Preimplantation genetic screening is particularly recommended for anyone who has or is a carrier of a known genetic disorder. However, it is also recommended for women with recurrent miscarriages, multiple failed fertility treatments and for older women whose ovaries do not work as expected.

Overcoming Miscarriage

A miscarriage refers to the spontaneous loss of a pregnancy within the first 20 weeks. This common form of pregnancy loss can result in both emotional and physical pain. Although everyone processes such a loss differently, women who have had a miscarriage suffer from a range of emotional issues including sadness, anger, guilt, grief, jealousy towards other parents as well as an intense feeling of loneliness.

An estimated 10% to 20%1 of all pregnancies actually end up in early miscarriage, but most women still remain inconsolable after going through it.

Aside from the emotional impact, a miscarriage can also cause some physical problems. The body usually needs time to recover after a miscarriage and this is often dependent on how far along the pregnancy was. While some women may miscarry in the first two months of pregnancy without even realizing they were pregnant, a miscarriage that happens after two months generally requires medical treatment. Doctors are likely to prescribe medications that can either be inserted in the vaginal or consumed orally to help the body pass out any remaining tissues. Of course, the passage of this tissue may not only be painful but could also be extremely emotional for some women.
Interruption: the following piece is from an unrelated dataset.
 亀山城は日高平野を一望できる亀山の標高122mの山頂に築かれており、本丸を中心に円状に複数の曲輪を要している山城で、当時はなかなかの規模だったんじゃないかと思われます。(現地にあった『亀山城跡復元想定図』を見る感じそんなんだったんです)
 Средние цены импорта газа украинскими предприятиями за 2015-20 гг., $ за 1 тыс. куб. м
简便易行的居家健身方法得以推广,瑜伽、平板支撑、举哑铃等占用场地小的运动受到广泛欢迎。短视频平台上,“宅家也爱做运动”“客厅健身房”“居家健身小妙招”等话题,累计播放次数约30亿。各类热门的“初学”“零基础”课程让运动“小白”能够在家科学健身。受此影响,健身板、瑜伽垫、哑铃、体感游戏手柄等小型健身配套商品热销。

Doctors may also conduct a follow-up ultrasound to ensure that all the tissues have passed from your system, in a bid to avoid complications. Going through these can be extremely devastating, but the good news is that there are some steps that can be taken to overcome a miscarriage:
• Express your emotions
Having a miscarriage is like losing a loved one. Obviously, it comes with different kinds of emotions such as anger, sadness and despair. Women are however encouraged to express their feelings so they can get help.
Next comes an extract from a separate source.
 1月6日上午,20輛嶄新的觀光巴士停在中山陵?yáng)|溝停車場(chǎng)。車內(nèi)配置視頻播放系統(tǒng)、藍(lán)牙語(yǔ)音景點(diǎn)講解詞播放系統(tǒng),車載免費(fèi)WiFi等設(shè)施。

• Get help from friends and loved ones
When you are grieving the loss of a pregnancy, you might find it hard to follow your normal schedule. But when you seek and rely on support from your friends and loved ones, you can be sure to get help from them on things like house chores and taking care of your pets and immediate family.

• Join a support group
There are many online support groups for people who have had a miscarriage. While you have friends and family with you, joining such groups will go a long way to ease your pain as you would connect with others who have gone through the same experience.

• Talk to a therapist
Another way of overcoming a miscarriage is to talk to a grief counselor, who could probably help you navigate your loss. Remember your long-term recovery depends greatly on your mental and emotional wellbeing. A grief therapist will guide you into bouncing back to an emotionally and mentally stable state.

1) Miscarriage. Mayo Foundation for Medical Education and Research (MFMER) website. Last accessed April 22, 2021.